Mind you, my choices are not that crazy, I still lead a fairly basic life when it comes to societal norms. I am married and plan on having babies and buying a house and following all of the rules that make an upstanding citizen. Yet, I have definitely decided to do it at my own pace, on my own terms, and in a way that feels most natural to me.
Creative living – when we make choices based on our inner compass as opposed to from a set of rules of life we were taught as kids. I’ve gotten pretty good at following my inner compass but one of the hardest struggles I find in choosing to live creatively is justifying my decisions to others.
When we tell a friend or family member a life decision we’ve made that goes against that of which is said to be “normal,” it’s common to be met with that awkward 1/2 smile I mentioned above.
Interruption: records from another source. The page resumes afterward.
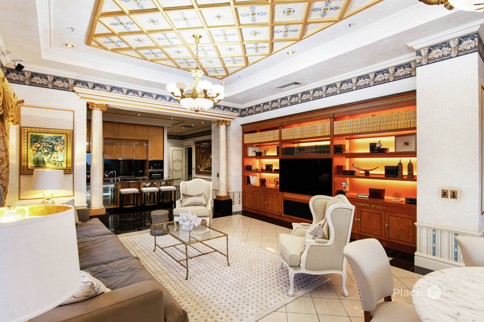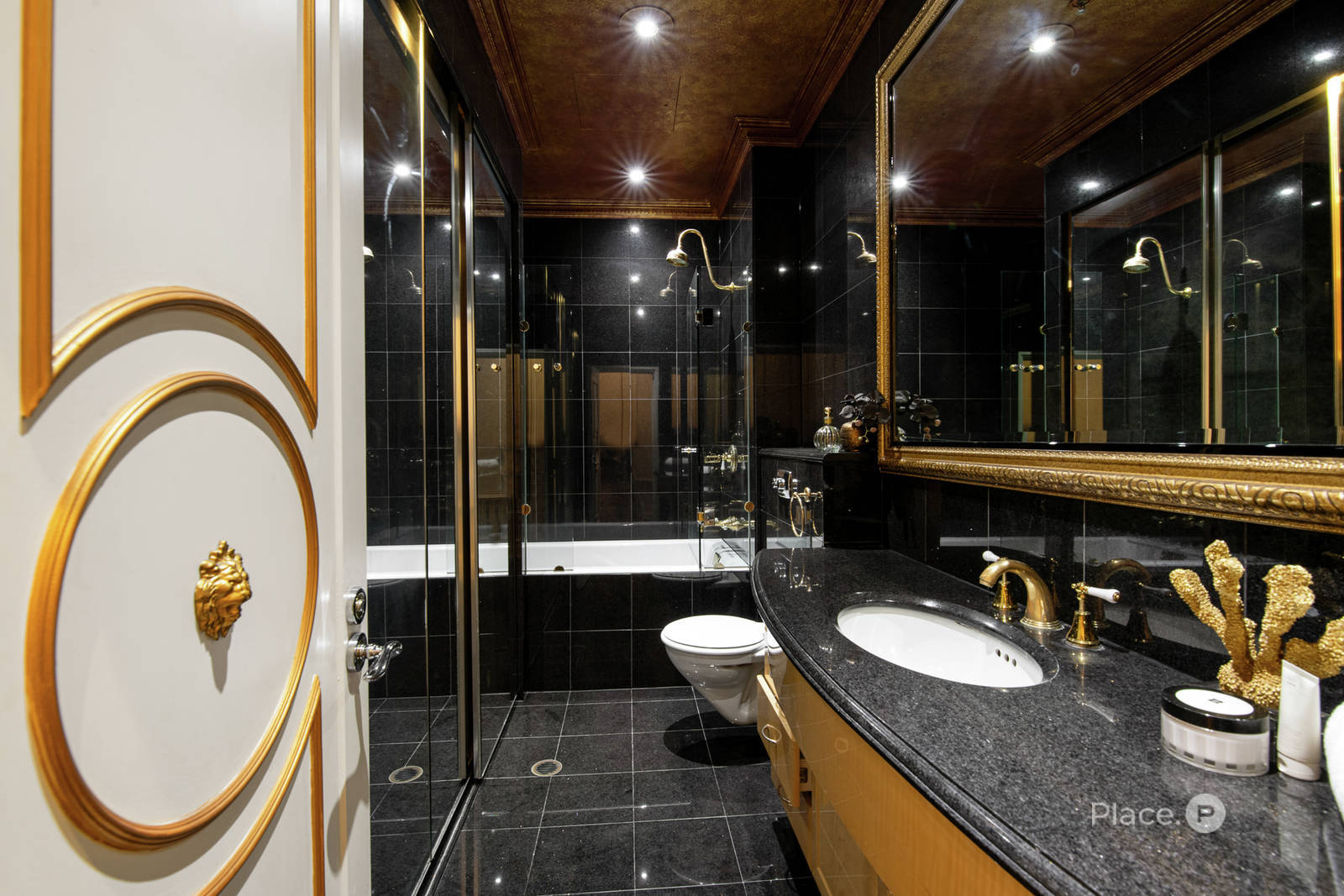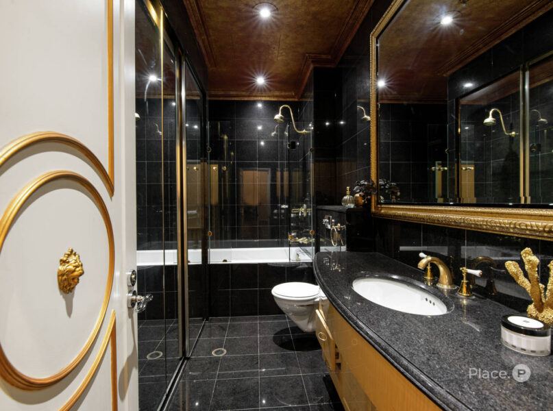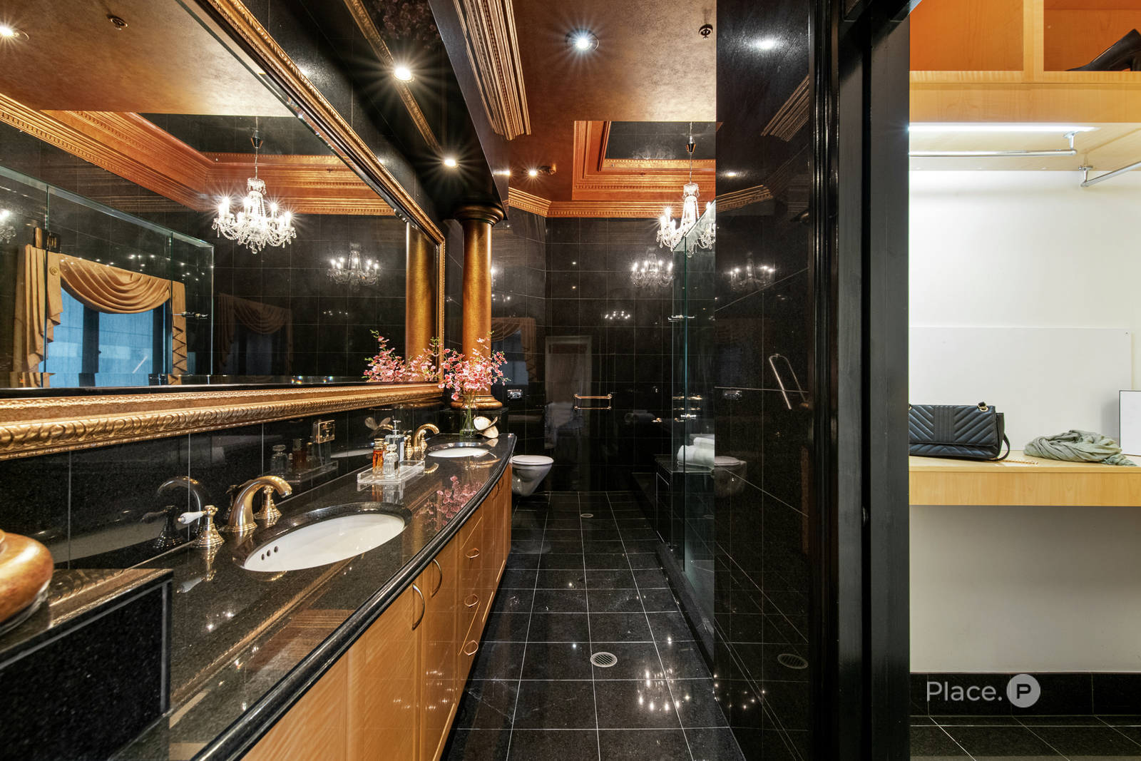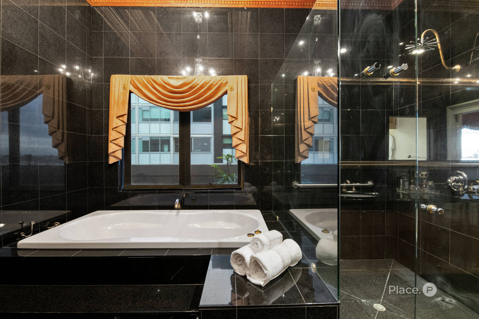 Celebrating classic grandeur, both apartments feature lofty coffered ceilings, dazzling chandeliers, parquetry timber floors, ornate cornices, and integrated joinery. Elegant tiled floors and expansive glass panels highlight the stunning vistas, ensuring a luxurious living experience.
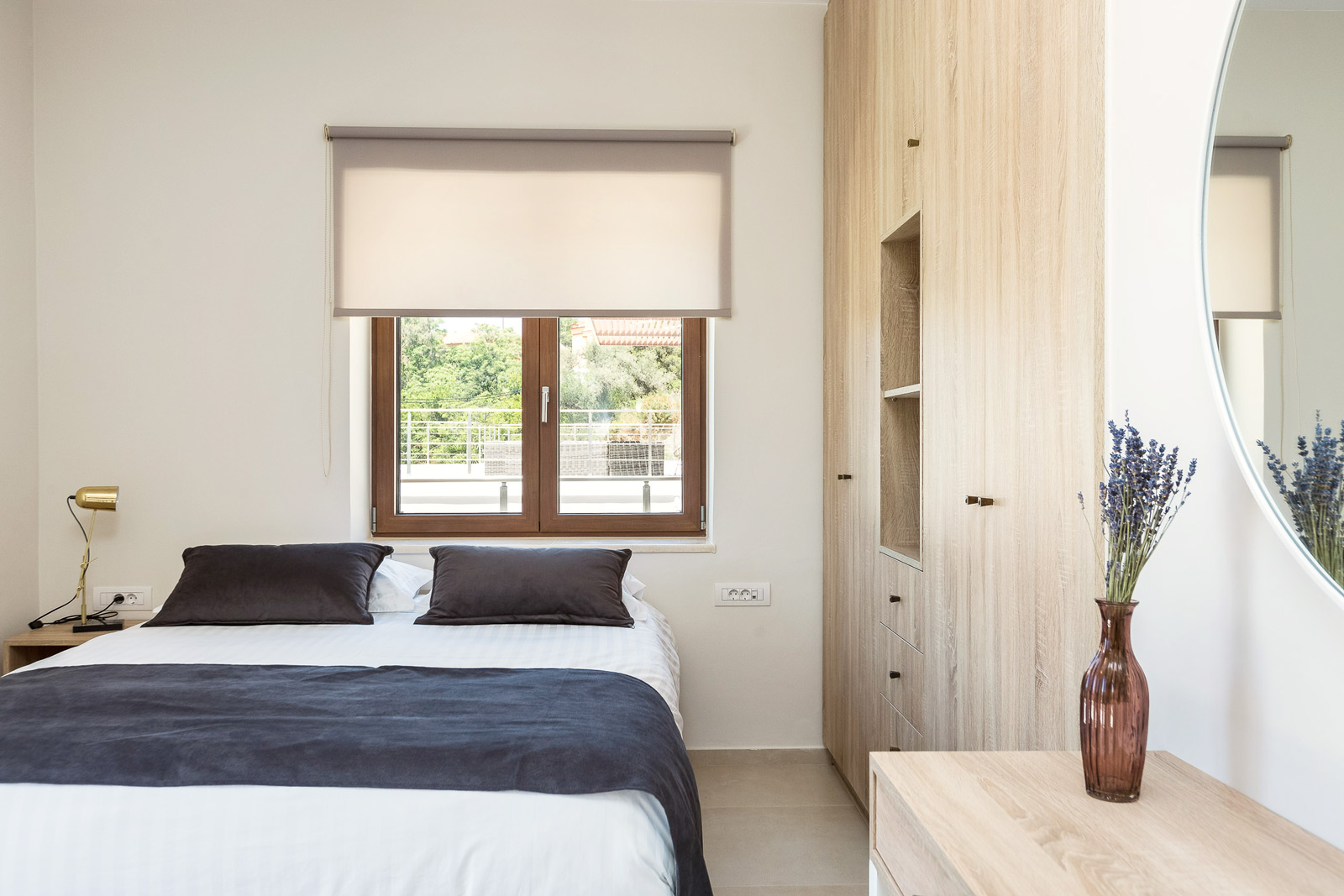 The modern Villa Skyline is designed in a maisonette style. The ground floor level consists of an open plan living room area with a fireplace, a dining area and a fully equipped kitchen as well as a bedroom with a double bed and a common shower bathroom. The open plan living room has direct access to the pool through balcony doors.
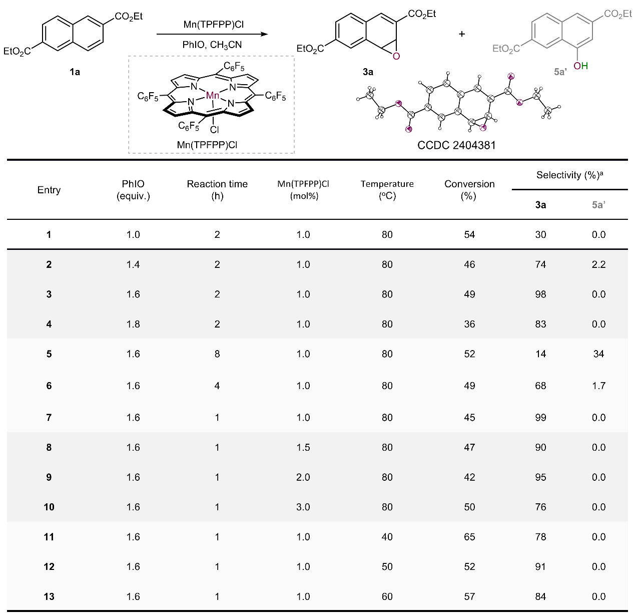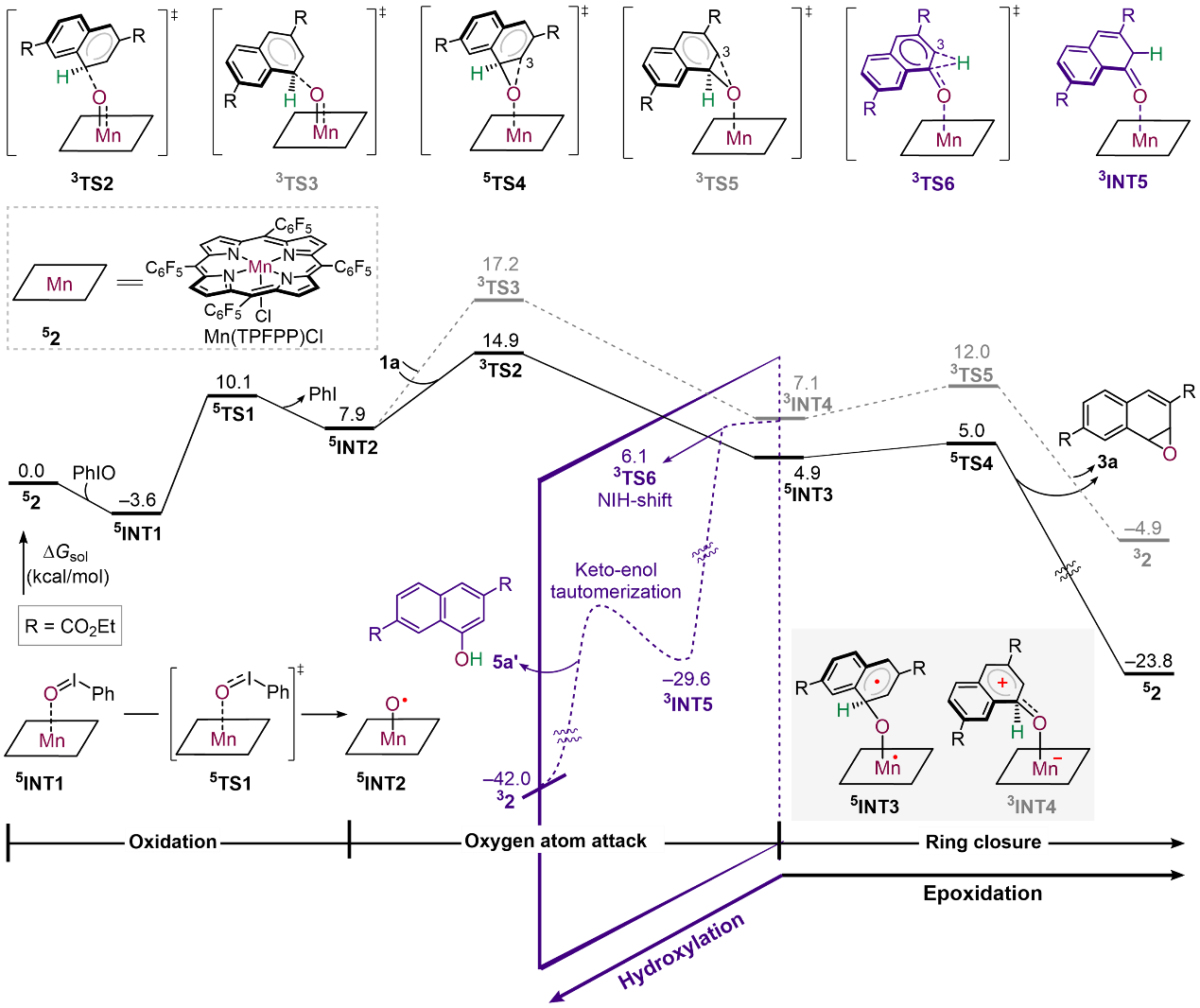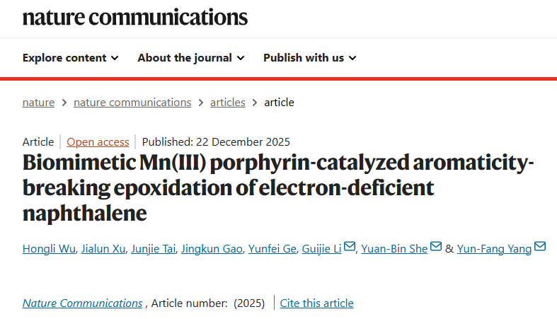 题目:Biomimetic Mn(III) porphyrin-catalyzed aromaticity-breaking epoxidation of electron-deficient naphthalene
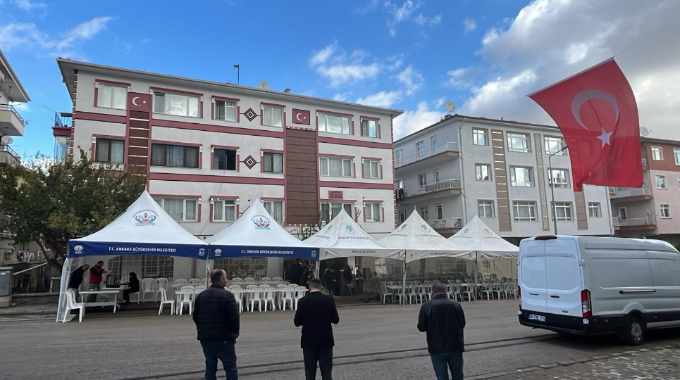 Azerbaycan’dan dönerken düşen askeri kargo uçağında şehit olan Uzman Çavuş Cem Dolapci’nın Ankara’daki babaevinin önüne taziye çadırı kuruldu.
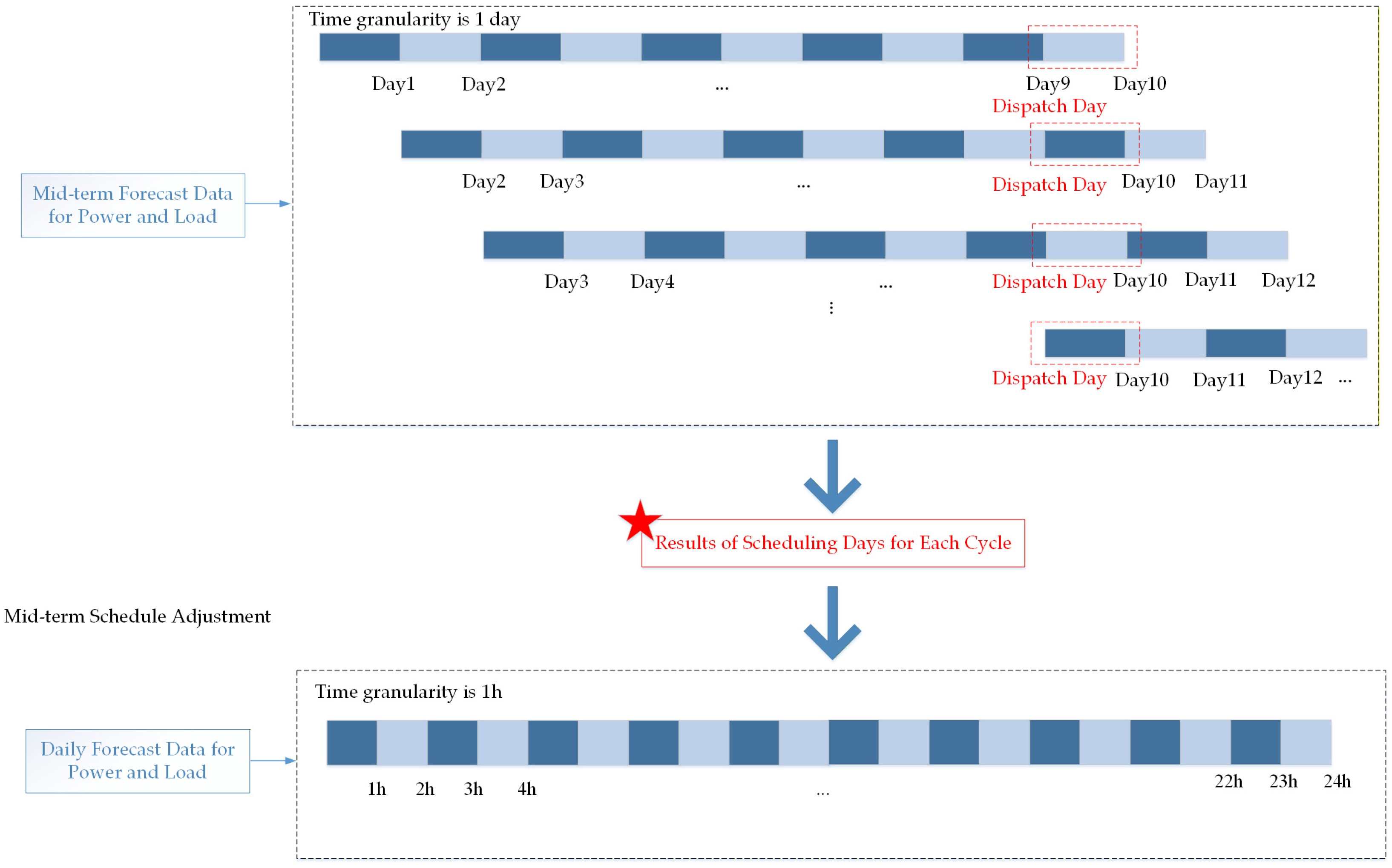 - The established long-term/short-term-to-day-ahead coupled scheduling framework dynamically switches between long-term and short-term scheduling modes by predicting the duration of intermittent output from renewable energy sources (3 days/10 days). It utilizes the results from long-term and short-term scheduling to refine the boundary conditions for day-ahead scheduling. Compared to conventional day-ahead scheduling, this framework reduces curtailment rates and load shedding during long-duration, low-output scenarios, significantly enhancing cross-time resource complementarity and system resilience.
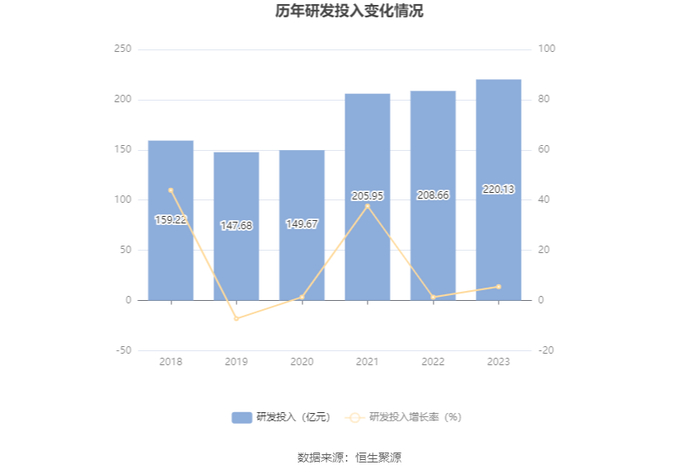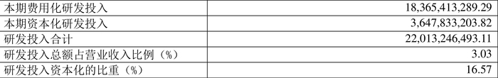 2023年全年,公司研发投入金额为220.13亿元,同比增长5.50%;研发投入占营业收入比例为3.03%,相比上年同期上升0.14个百分点。此外,公司全年研发投入资本化率为16.57%。
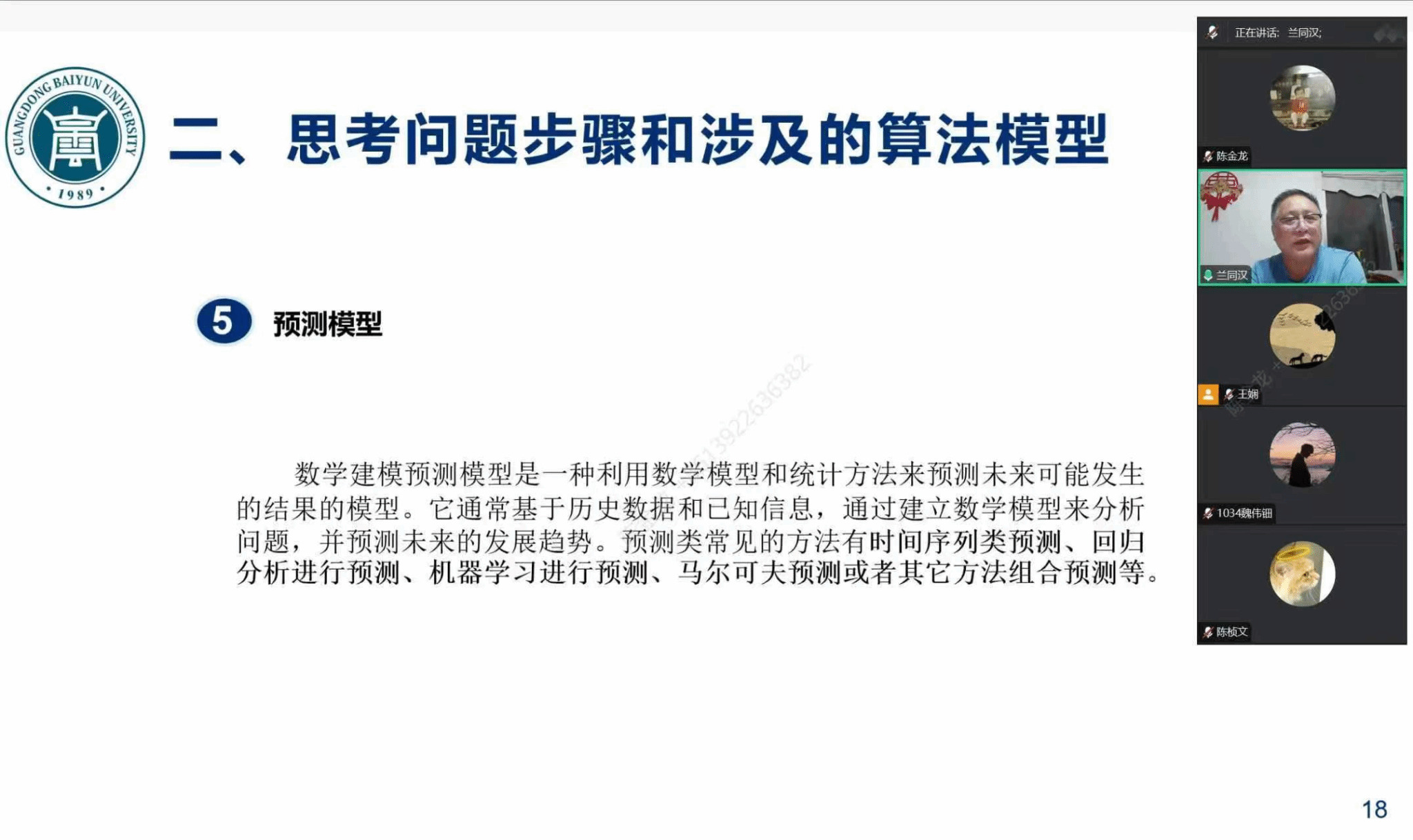 本次培训汇聚了数学建模教学团队的骨干力量,授课与指导工作均由经验丰富的教师承担。兰同汉、杨小迪、周隽、刘玲、陈金龙、王娴、马鹏飞7位老师组成核心授课团队,结合各自专长,分模块深入讲解建模理论与实战技巧。与此同时,彭雨明、刘会灵、凌卫平、陈博照等11位老师负责课后答疑、作业批改及学习督导,全程跟进学生的学习进度。尽管正值暑期,全体教师仍坚守岗位,通过线上线下相结合的方式,确保学生的问题得到及时解答,充分展现了教师团队的敬业精神。

As sensitive people pleasers it is easy to get caught up in that look of worry from a friend and instead of defend our choices we walk down the path of fear with them. We say things like: “I know it’s crazy but,” or “yeah we’ll see,” which is usually followed by an eye roll. We begin to self depreciate our decisions to save face and not be judged as “wild” or “foolish” by people we love and respect.
There are two things wrong with following our friend down that fear path. Even if we are doing it merely just to placate them, we are inviting that energy of fear and distrust into our plans. Most importantly though, we are justifying our friend’s fear, giving them permission to continue thinking in a way that values outward success over inner happiness.
Rationalizing & Manifesting
When we live creatively we are moving in full trust with the universe. We are not making choices based on safety or familiarity but instead making choices despite those things in hopes that we will end up happier and more fulfilled. When moving from your inner compass you are going toward something that feels right while leaving room for the unknown to develop and teach you. The problem with trust in the unknown is that it is hard to rationalize and even harder to explain to someone else.
Our hopes and dreams, what guides our inner compass, are sacred and can be hard to explain to another, even those closest to us. Our inner compass is not something that can be explained or rationalized, so we have to stop trying to do so.
Next time you are met with the head tilt and crinkled nose, stand firm in your choice. The strength you show in standing by your decisions sends a message that you do trust in the universe and the power of the unknown. Your conviction to live creatively is what helps make you the friend that your friends know and love.